Space. It’s pretty big, you know. For aeons, man has gazed into the stars and wondered, aghast at the sheer scale of it all. The most ancient civilisations on Earth pondered the many questions that still plague us today: is there life out there? Are we about to be struck by a comet/enslaved by aliens/plunged into a black hole? We kind of need to know.

It’s this thirst for knowledge that drives us as a species. Man has always strived to better himself, to know everything that can be known, and then learn how to know the rest. It is, in a nutshell, what separates us from the animal kingdom. From the deepest questions of the universe to the fat content of that kebab scoffed at 2am, we want answers.

Which is why Obama’s new budget proposals are such a tragedy. Yes, he put forward many well-thought-out ideas on how to reinvigorate the ailing US economy and create jobs, but ultimately, it came at the expense of space exploration. Obama cancelled the ‘Constellation’ program, which aimed to return man to the moon by 2020, in order to trim a few pennies for essentials like jobs, public funds and blowing up other countries (note: that last one may not be true).

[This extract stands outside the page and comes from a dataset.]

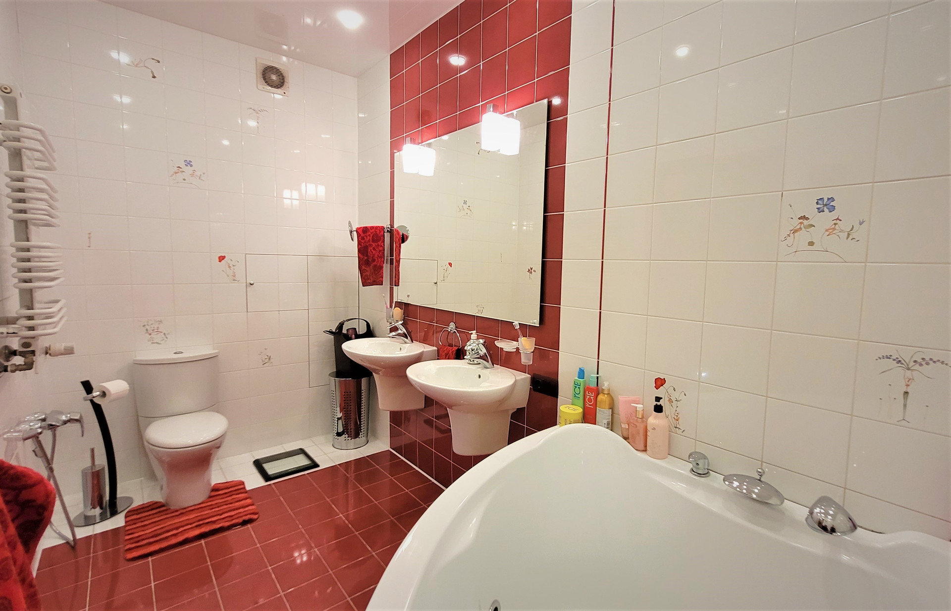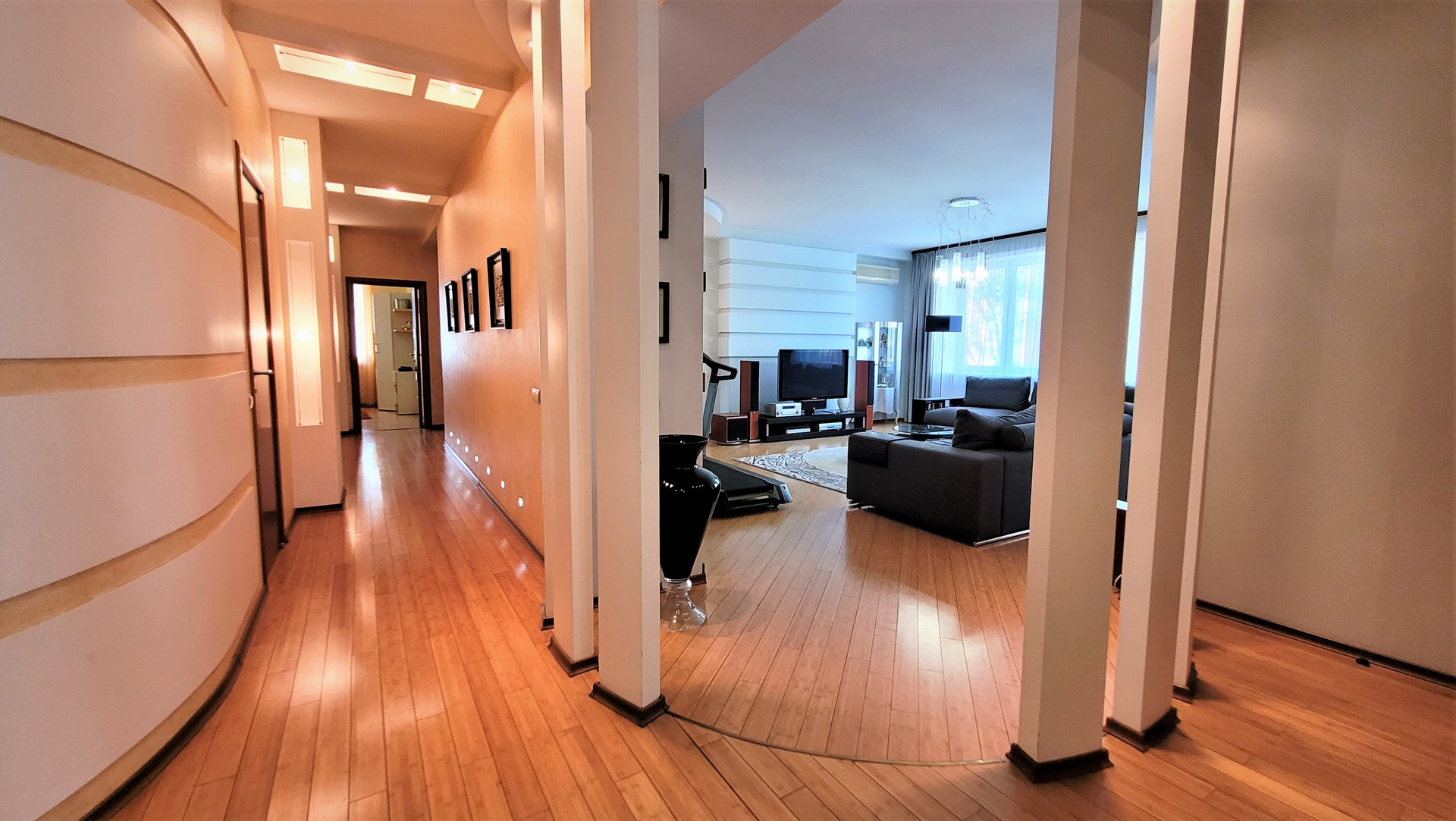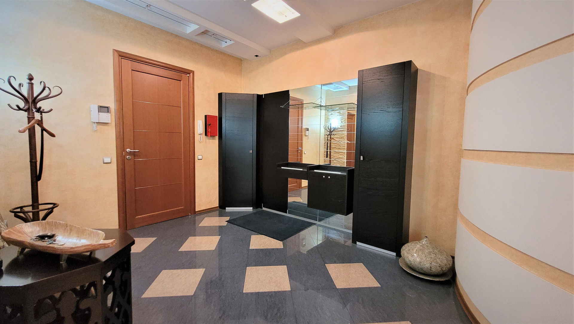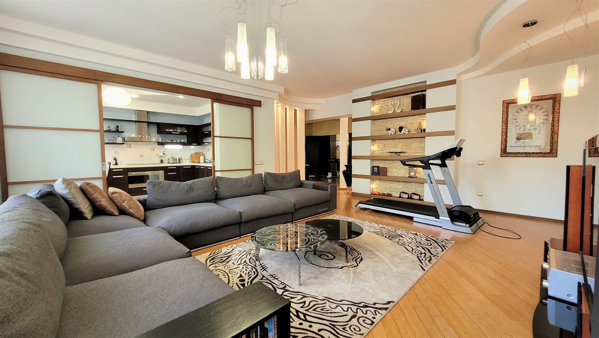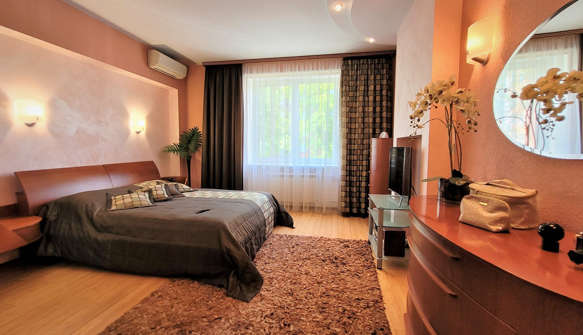 Ремонт сделан по индивидуальному дизайн-проекту из материалов премиум-сегмента: бамбуковая паркетная доска, итальянский и испанский керамогранит, кухонный гарнитур с итальянскими фасадами из натурального дерева, теплые полы.

Yes, the Constellation program has already cost a staggering $9 billion which America can ill-afford, and no doubt the cash freed up will help ease the pressure on a nation choking on its own debts. Obama is in a difficult position. It can’t be easy to juggle so many key spending areas in times of recession. But the space programs are not just fat to be trimmed, they are as intrinsic to America as a nation as they are to the development of our species.

Imagine if someone told Stephenson: very sorry, but your revolutionary new railway network which will connect the whole country in a way previously unimaginable is a bit pricey.

These are milestone developments in the course of human history, and as a species we need to keep pushing new boundaries of exploration and knowledge, for that has long been what has defined us. Now, we are in danger of becoming obsessive bean-counting, fat-cat fools. Nothing is about discovery or scientific advancement any more; it’s all to do with the bottom line. Giant conglomerates issue profit warnings if their takings are a few pence short of the billions they thought they’d snatched. Concorde was canned because the seat sales would flat-line after its crash – never mind that it was a glorious aeronautical achievement.

This commercial culture has spread to even the government, an institution supposedly working in the interests of the public, rather than the money in their wallets. Obama plans to privatise the movement of astronauts to and from the space station, saving another few billion for the American administration. Richard Branson will no doubt be laughing – he can double the price of Virgin space flights if you can get an astronaut’s autograph on board.

Sadly, it seems like this is where we are headed. In the future, we’ll only invent with the intent to sell. Cancer is still being researched because whoever finds the real cure can hawk it at some eye-watering mark-up and meet an astronaut on the next tour to the space station. But furthering human knowledge for no benefit other than to learn? Returning man to the moon to set up a base? Sending man to Mars? Unless it’s to build Mcdonalds’ Mars Housing™, forget it.